ICASA and US Communications Watchdog Sign International Agreement For Collaboration

Dr Keabetswe Modimoeng signing the MOU

The Independent Communications Authority of South Africa (ICASA) and the United States Federal Communications Commission (FCC) have signed a Memorandum of Understanding (MOU) that will see both regulators collaborating and sharing ideas on matters of mutual interest.

The MOU was signed virtually by both regulators on Thursday, 8 April 2021 at

The MOU is a non-binding framework to facilitate the exchange of ideas in the field of telecommunications regulation and policy for the mutual benefit of the two regulators.

“This is a momentous collaboration that illustrates the confidence that our global
counterparts have in ICASA. This collaboration places the Authority on solid ground
to achieve international best practices, cutting-edge regulatory approaches and
further validates South Africa’s standing in the global ICT arena,” notes ICASA
Chairperson, Dr. Keabetswe Modimoeng.

The two regulators have further agreed to carry out a programme of information
exchange and technical cooperation in the field of telecommunications and related
services and facilities, in accordance with their respective national laws, regulations
and international obligations, and within the framework of their respective annual
budgetary appropriations and their respective mandates.

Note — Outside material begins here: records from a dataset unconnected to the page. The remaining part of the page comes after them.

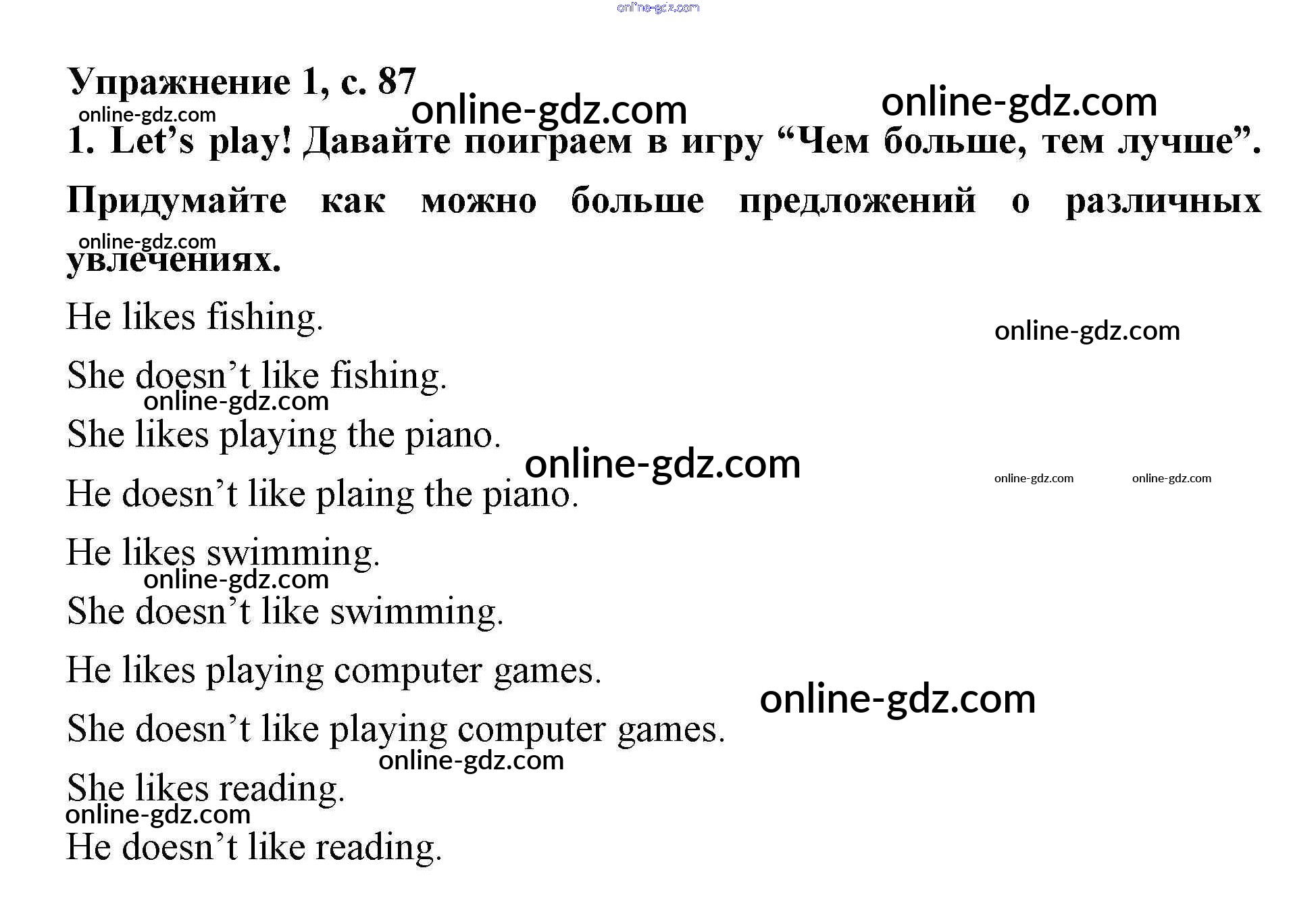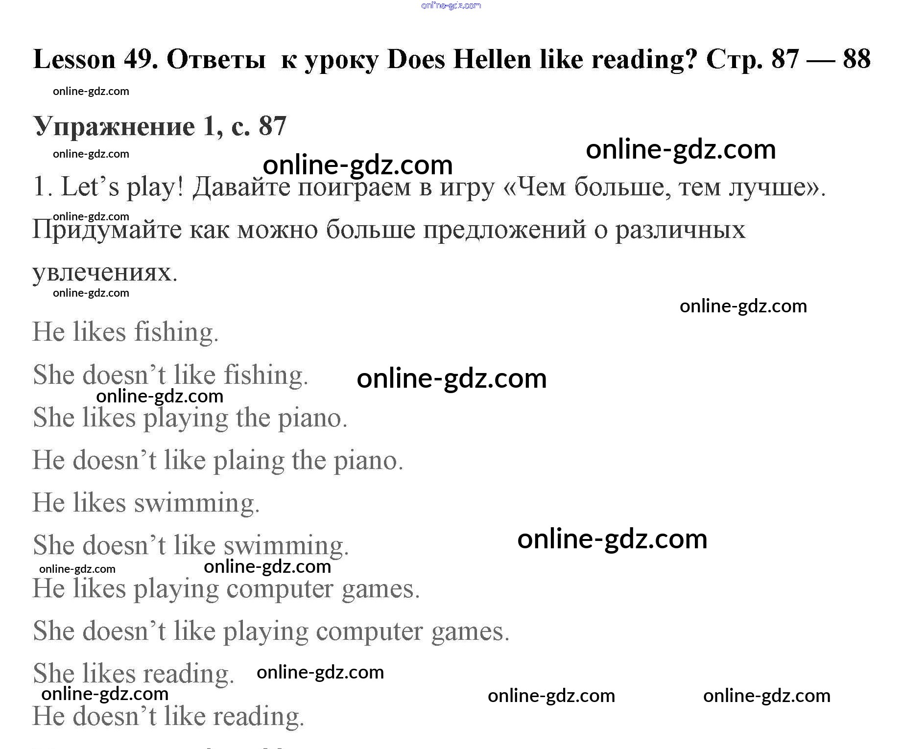 Готовые домашние задания по Английскому языку за 2 класс Рабочая тетрадь Кузовлёв, Перегудова 2011 - Lesson 49. Does Hellen like reading 87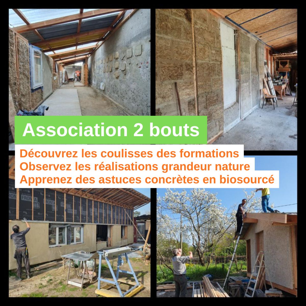 Engagée face aux défis environnementaux actuels — changement climatique, transition énergétique, solidarité — 2bouts déploie des actions concrètes pour accompagner la transition écologique. L’association propose des solutions innovantes en matière de sensibilisation, d’initiation et de formation, en mettant l’accent sur l’habitat écologique : construction durable, énergies alternatives, matériaux biosourcés et géosourcés, ainsi que le réemploi.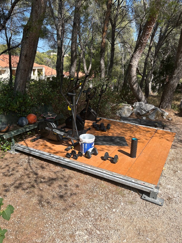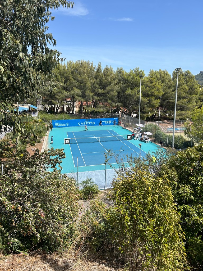The club was situated on a hillside in Cassis, about a 20 minute walk from the beach, and it’s one of the most picturesque clubs I’ve ever played at. There were 5 hard courts, all parked on different heights on the hill, as well as 3 astro courts and a “gym”.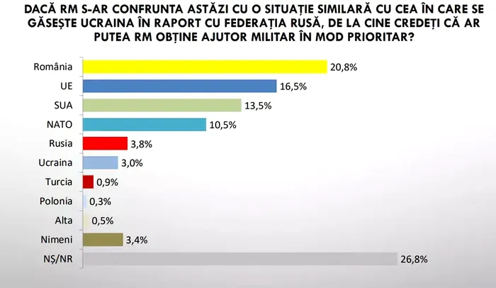 În ipoteza în care Republica Moldova ar fi atacată militar, cel mai mare sprijin ar veni din România (20,8%), UE – 16,5%, SUA – 13,5%, NATO – 10,5% și Rusia – 3,5%.

“So much can be accomplished through cooperation and the mutually respectful sharing of knowledge and experience. Today, I’m proud to have formalized our partnership with our friends in South Africa on issues of telecommunications policy, competitive markets, technological innovation, and closing the digital divide in both countries,” says FCC Acting Chairwoman, Jessica Rosenworcel.

“I thank Dr. Modimoeng for his leadership and partnership and look
forward to further exchanges with ICASA.”

Following the signing, Dr. Modimoeng said that ICASA is looking forward to drawing
lessons from the FCC, whilst also sharing the African, and in particular, the South
African regulatory context, experience and lessons with the United States.